_Assignment_: Leave out every picture and set down, exactly, the lines below from the one holding "這是云南省玉溪市通??h的田" up to and including the one holding "feliz de compartir".

_The data_:
---+---

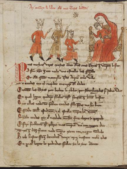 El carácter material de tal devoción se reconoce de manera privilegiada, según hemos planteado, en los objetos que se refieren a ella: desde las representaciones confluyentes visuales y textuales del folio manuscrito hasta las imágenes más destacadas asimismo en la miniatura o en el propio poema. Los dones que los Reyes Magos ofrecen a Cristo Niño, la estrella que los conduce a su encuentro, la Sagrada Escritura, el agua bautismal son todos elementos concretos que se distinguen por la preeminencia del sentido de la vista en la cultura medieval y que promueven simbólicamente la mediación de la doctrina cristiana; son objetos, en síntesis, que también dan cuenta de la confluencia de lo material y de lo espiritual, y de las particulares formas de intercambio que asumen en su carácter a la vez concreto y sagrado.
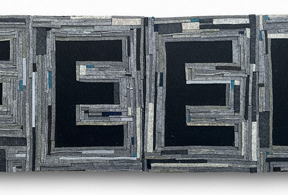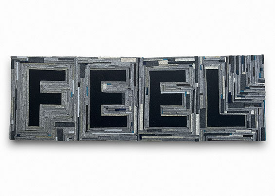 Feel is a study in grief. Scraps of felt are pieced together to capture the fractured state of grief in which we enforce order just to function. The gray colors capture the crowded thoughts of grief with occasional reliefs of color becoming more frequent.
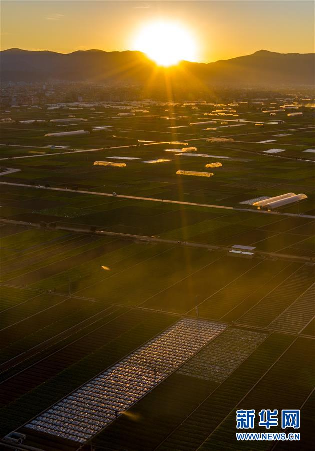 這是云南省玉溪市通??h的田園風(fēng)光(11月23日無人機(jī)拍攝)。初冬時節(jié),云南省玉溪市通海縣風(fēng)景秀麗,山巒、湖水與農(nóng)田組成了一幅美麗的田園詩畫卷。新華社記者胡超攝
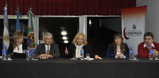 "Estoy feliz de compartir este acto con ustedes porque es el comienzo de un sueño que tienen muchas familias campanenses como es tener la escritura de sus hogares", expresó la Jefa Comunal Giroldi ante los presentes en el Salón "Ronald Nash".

---+---

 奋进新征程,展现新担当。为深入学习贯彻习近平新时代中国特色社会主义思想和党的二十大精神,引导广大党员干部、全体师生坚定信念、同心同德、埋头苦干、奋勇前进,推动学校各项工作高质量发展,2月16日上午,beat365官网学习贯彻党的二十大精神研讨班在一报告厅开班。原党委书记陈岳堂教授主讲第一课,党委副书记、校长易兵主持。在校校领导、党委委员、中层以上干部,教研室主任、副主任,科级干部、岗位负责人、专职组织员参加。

---+---

_Expected answer_:
 這是云南省玉溪市通??h的田園風(fēng)光(11月23日無人機(jī)拍攝)。初冬時節(jié),云南省玉溪市通海縣風(fēng)景秀麗,山巒、湖水與農(nóng)田組成了一幅美麗的田園詩畫卷。新華社記者胡超攝
 "Estoy feliz de compartir este acto con ustedes porque es el comienzo de un sueño que tienen muchas familias campanenses como es tener la escritura de sus hogares", expresó la Jefa Comunal Giroldi ante los presentes en el Salón "Ronald Nash".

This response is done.